::: DATA RECORDS

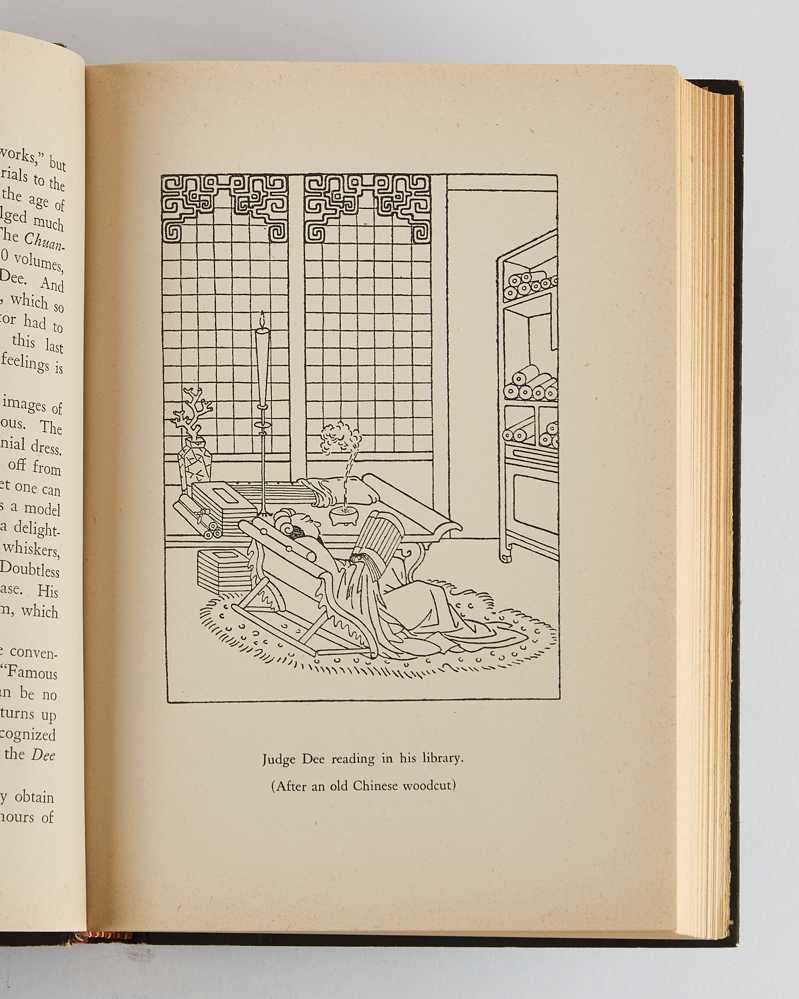 8vo. Original woodcut-illustrated boards showing Judge Dee, with the original blank dust-jacket (the typed title to the spine likely added by a later owner); pp. [10], xxiii, [1 (blank)], 237, [3 blanks], with woodcut frontispiece and 3 reproductions of original Chinese illustrations and 6 plates by the author; light wear to board edges and spine tips, minor rubbing to ink on upper cover, otherwise exceptionally bright and well preserved; author’s signature in black ink and red ink stamp to limitation page (see below); bookplate of Basil W. R. Jenkins to verso of front free endpaper; near fine.
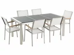 Poikkeuksellinen puutarhakalustesetti, joka luo ainutlaatuisen ilmeen mihin tahansa puutarhaan. Kalusteiden rungot on valmistettu vankasta ja kestävästä ruostumattomasta teräksestä, joka takaa, että setti pysyy upeana pitkään. Hopea runko korostaa mustaa poltettua graniittitasoa kauniisti. Pinottavien tuolien selkänojat ja istuinosat ovat UV-kestävää valkoista polyesteriä, joka täydentää pöytää täydellisesti. Säänkestävien materiaalien yhdistelmä antaa ulkoruokailuryhmälle modernin ilmeen. Setti tarjoaa tilaa jopa 6 hengelle, jonka ansiosta se on täydellinen lisä kesän puutarhajuhliin.
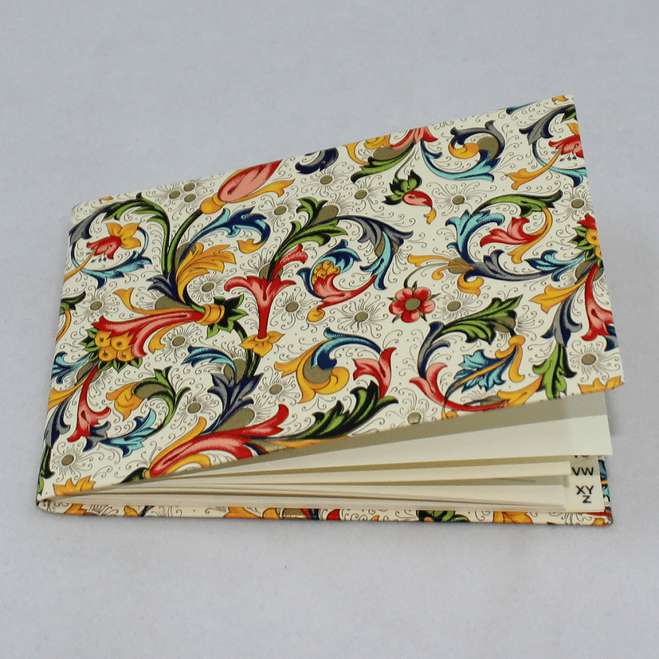 Das Adressbuch Florentina rot entsteht aus einem Papierbezug mit einem der ältesten floralen Druckmotive Italiens. Das farbenfrohe Blumenmuster ist mit Goldpulverakzenten geschmückt.
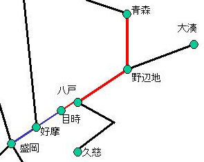 가능 구간. 파란선은 'IGR 이와테 은하 철도', 검은선이 JR재래선임.]
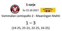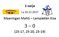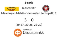 Mahdin ykkössarjakausi 2017-2018 alkoi kotiottelulla Vammalan Lentopallon kakkosjoukkuetta vastaan. Vastustajajoukkue koostuu nuorista lahjakkuuksista, ja joukkue säilytti viime kaudella ykkössarjapaikkansa vasta karsintojen kautta Mestaruusliigajoukkueensa farmipelaajien tuella. Nyt nämä nuorukaiset ovat vuotta vanhempia ja kokeneempia, ja täytyy todeta joukkueen parantaneen peliään reilusti viime kaudesta. VaLePa 2 tulee olemaan tällä kaudella yllätysvalmis joukkue, joka varsinkin kotikentällään on paha kanto monen vierasjoukkueensa kaskessa.

::::::

In the listing above, find the line with "Poikkeuksellinen puutarhakalustesetti, joka" and the line with "가능 구간. 파란선은 'IGR 이와테 은하 철도', 검은선이 JR재래선임.]". Copy exactly those lines and all between them, minus the images.

 Poikkeuksellinen puutarhakalustesetti, joka luo ainutlaatuisen ilmeen mihin tahansa puutarhaan. Kalusteiden rungot on valmistettu vankasta ja kestävästä ruostumattomasta teräksestä, joka takaa, että setti pysyy upeana pitkään. Hopea runko korostaa mustaa poltettua graniittitasoa kauniisti. Pinottavien tuolien selkänojat ja istuinosat ovat UV-kestävää valkoista polyesteriä, joka täydentää pöytää täydellisesti. Säänkestävien materiaalien yhdistelmä antaa ulkoruokailuryhmälle modernin ilmeen. Setti tarjoaa tilaa jopa 6 hengelle, jonka ansiosta se on täydellinen lisä kesän puutarhajuhliin.
 Das Adressbuch Florentina rot entsteht aus einem Papierbezug mit einem der ältesten floralen Druckmotive Italiens. Das farbenfrohe Blumenmuster ist mit Goldpulverakzenten geschmückt.
 가능 구간. 파란선은 'IGR 이와테 은하 철도', 검은선이 JR재래선임.]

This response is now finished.